:: Collected data

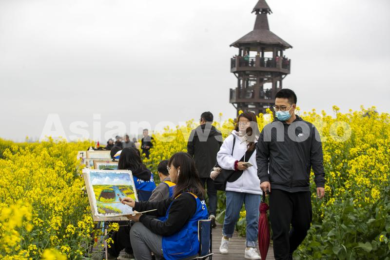 图片说明:2021年4月3日,泰州学院美术专业学生在江苏泰州兴化市千垛景区用画笔描绘千垛菜花美景。
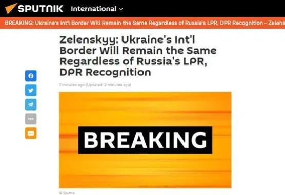 乌克兰总统泽连斯基表示,乌克兰能够保护自己的边界,国土防卫已经组织起来。俄罗斯对自行成立的“顿涅茨克人民共和国”与“卢甘斯克人民共和国”的承认是对乌克兰领土和主权完整的侵犯。
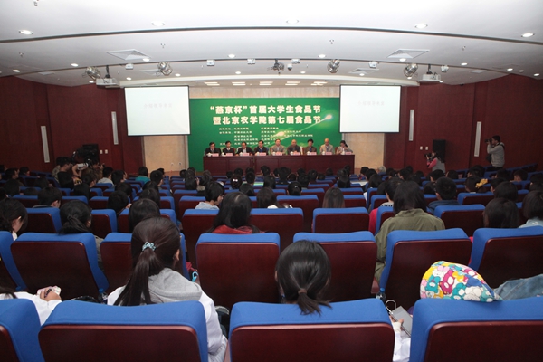 为了提高同学们实践动手能力,激发创新热情,10月22日上午,“燕京杯”首届大学生食品节暨122cc太阳集成游戏官方网站第七届食品节开幕式在122cc太阳集成游戏官方网站图书馆报告厅隆重举行。北京市科协副主席田文,122cc太阳集成游戏官方网站副校长范双喜,北京食品科学研究院院长王守伟、北京稻香村食品有限公司常务副总经理池向东、天津商业大学生物技术与食品科学学院院长张坤生、122cc太阳集成游戏官方网站院长仝其根等领导老师在主席台就座。京津地区和内蒙古自治区12所高校的老师和学生代表,学校各职能部门领导、122cc太阳集成游戏官方网站全体教师参加了开幕式,开幕式由北京食品学会常务副理事长徐开生教授主持。

::::

Write out the lines of the material above exactly, from its first line through the line that contains "乌克兰总统泽连斯基表示,乌克", so that no picture appears in the copy.

 图片说明:2021年4月3日,泰州学院美术专业学生在江苏泰州兴化市千垛景区用画笔描绘千垛菜花美景。
 乌克兰总统泽连斯基表示,乌克兰能够保护自己的边界,国土防卫已经组织起来。俄罗斯对自行成立的“顿涅茨克人民共和国”与“卢甘斯克人民共和国”的承认是对乌克兰领土和主权完整的侵犯。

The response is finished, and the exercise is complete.